我是一名十六歲的中國大陸法輪大法小弟子,藉此明慧網第七屆大陸大法弟子網上法會交流之際,把修煉路上的點滴體會和修煉故事寫出來向師父彙報,與同修交流。

一、喜得大法 正念對待消病業

聽媽媽說,我兩歲的時候,爸媽就修煉法輪大法了,隨後家中的親人們大部份入道得法。在這樣的環境中成長,我很自然的成了一名法輪大法小弟子。

有一次,我發高燒,咳嗽的厲害。媽媽那時的心態還不穩,要給我喝藥。我哭鬧著不喝,媽媽說:「大法弟子才不用喝,你是不是大法小弟子?」我大聲說:「我是!」媽媽還是像做試驗似的硬給我灌了藥,還說:「如果喝下藥好了,就不是大法小弟子;不管用,就是師父管你了。」結果灌了好幾次也沒管用,不灌藥反而很快就好了。

五歲那年,我出現了嚴重的尿路感染症狀,一會兒尿幾滴,一會兒尿幾滴,非常難受。舅舅知道後,抱著我去打針。我哭鬧著堅決不打,舅舅又把醫生帶到家打,我趁機溜跑了。舅舅最後沒辦法,就買回了藥和果凍,把藥放在了果凍裏讓我吃,我發現後給扔掉了,因為我和爸媽都堅信師父在給我消業。四十多天後,終於好了,師父這次給我消了一次大業。

我在小時候消了幾次大業後,就很少消業了,偶爾消業也是在星期天或晚上,從來沒有耽誤過上學;更神奇的是,從幼兒園到現在,不管學校裏統一打甚麼預防針或疫苗,我從來沒打過。有一次幼兒園統一打疫苗,輪到我的時候,醫生阿姨對我說:「你沒有病,不用打。」上二年級的時候,學校統一打腮腺炎預防針,讓每人交十八元。排隊的時候,老師突然把我叫出來說:「你不用打針,也不用交錢了。」還有幾次也都神奇的繞過去了。其實,每次打針前,我都在心裏對師父說:「我是大法小弟子,沒有病,不打針。」我知道每次都是師父在幫我!

二、學法煉功修心性

從很小的時候我就特別喜歡聽大人們讀法,聽爸爸媽媽和同修們背《論語》,我也很想背,媽媽就一句一句的教我,不長時間就背會了。現在我還記得,《論語》的第一段和第二段是媽媽和同修阿姨帶我去掛大法真相條幅的來回路上教我的。師父的《洪吟二》發表後,我很快就背熟了,連《洪吟》也背下來了。師父每次發表短篇新經文,爸爸媽媽就說比賽背,看誰先背會,每次都是我先背完。現在想來,爸媽為了讓我學好法,真是用心良苦。

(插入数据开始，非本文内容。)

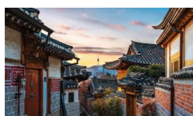
Bukchon Hanok Village

South Korea boasts abundant tourist attractions. Tourists can experience distinctive harmony between historical cultural heritage and modern culture. With these preserved local identities, tourists can also explore and enjoy local cultures, natural environments, and unique food. More information on https://www.korea.net/AboutKorea/Tourism .

上幼兒園的時候,我學會了五套功法,爸爸媽媽煉功的時候我都跟著一起煉,抱輪、打坐也一塊煉完,從不打折扣。記得有一次學校放假,我去姥姥家住了十多天,在姥姥家只煉動功。回家後和媽媽一塊打坐,一個小時的煉功音樂才過了一半多,腿就很疼了,又過了一會疼的我直掉眼淚。媽媽示意我先把腿拿下來,我一邊流淚一邊想師父的「難忍能忍,難行能行」(《轉法輪》),最後堅持煉完。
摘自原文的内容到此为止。